| What you are asked to do |
Return the line that has "Home Sweet Home" and all lines below it through the last, exactly as they stand; omit pictures.

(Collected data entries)

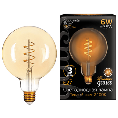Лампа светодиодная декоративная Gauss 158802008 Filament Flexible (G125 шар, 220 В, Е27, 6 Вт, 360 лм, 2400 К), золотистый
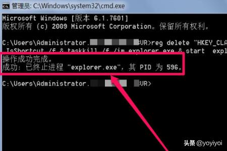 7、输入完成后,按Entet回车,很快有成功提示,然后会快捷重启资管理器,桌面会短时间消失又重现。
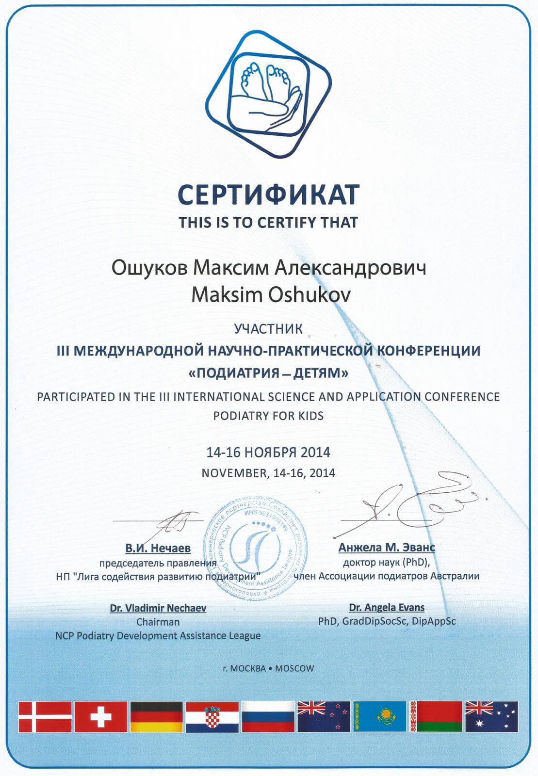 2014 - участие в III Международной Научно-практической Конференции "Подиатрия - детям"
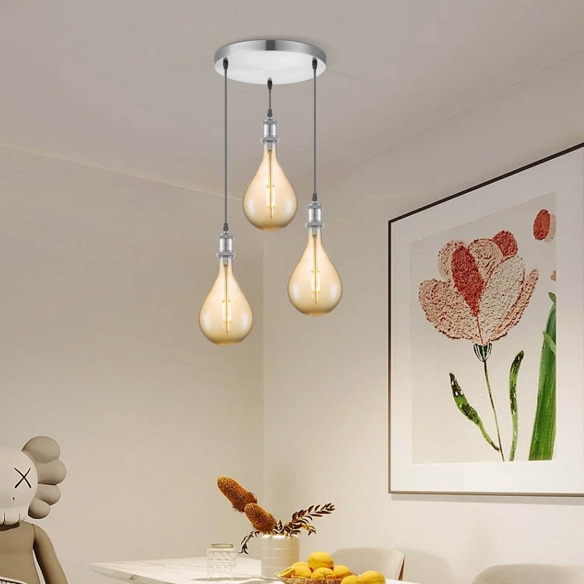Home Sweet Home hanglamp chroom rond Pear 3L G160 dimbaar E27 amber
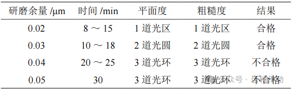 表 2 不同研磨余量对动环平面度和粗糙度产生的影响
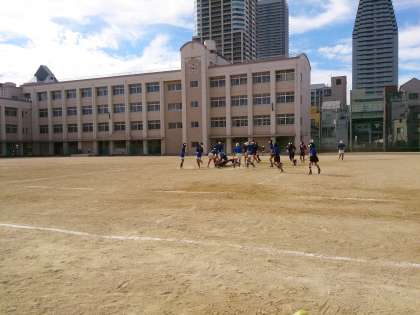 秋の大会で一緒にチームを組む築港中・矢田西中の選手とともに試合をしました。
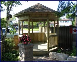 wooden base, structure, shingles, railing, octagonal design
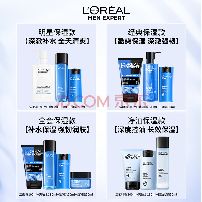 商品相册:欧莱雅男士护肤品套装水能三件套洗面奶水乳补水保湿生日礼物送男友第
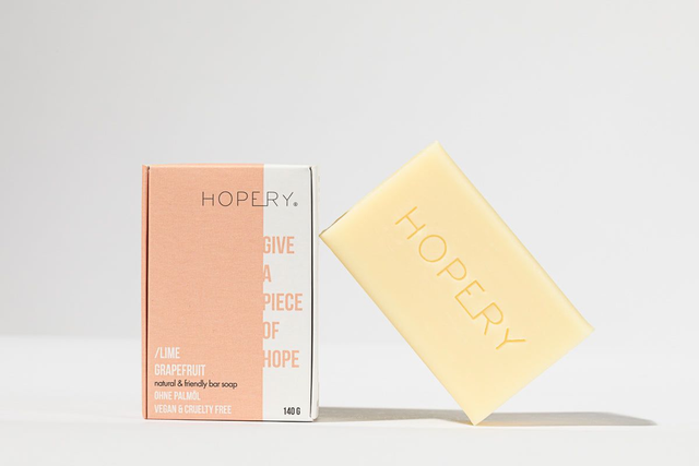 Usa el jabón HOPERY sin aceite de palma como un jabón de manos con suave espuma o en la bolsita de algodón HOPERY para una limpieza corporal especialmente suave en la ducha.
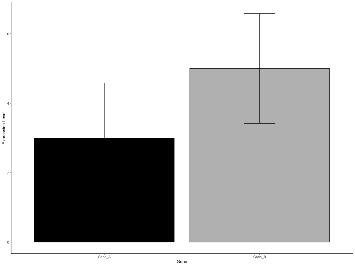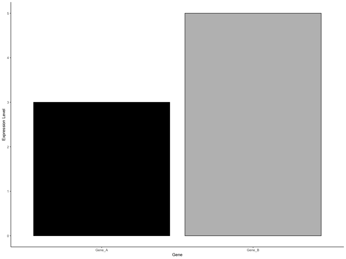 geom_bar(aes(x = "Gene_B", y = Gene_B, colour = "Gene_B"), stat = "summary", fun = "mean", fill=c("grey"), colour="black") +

| Reply |
Home Sweet Home hanglamp chroom rond Pear 3L G160 dimbaar E27 amber
 表 2 不同研磨余量对动环平面度和粗糙度产生的影响
 秋の大会で一緒にチームを組む築港中・矢田西中の選手とともに試合をしました。
 wooden base, structure, shingles, railing, octagonal design
 商品相册:欧莱雅男士护肤品套装水能三件套洗面奶水乳补水保湿生日礼物送男友第
 Usa el jabón HOPERY sin aceite de palma como un jabón de manos con suave espuma o en la bolsita de algodón HOPERY para una limpieza corporal especialmente suave en la ducha.
 geom_bar(aes(x = "Gene_B", y = Gene_B, colour = "Gene_B"), stat = "summary", fun = "mean", fill=c("grey"), colour="black") +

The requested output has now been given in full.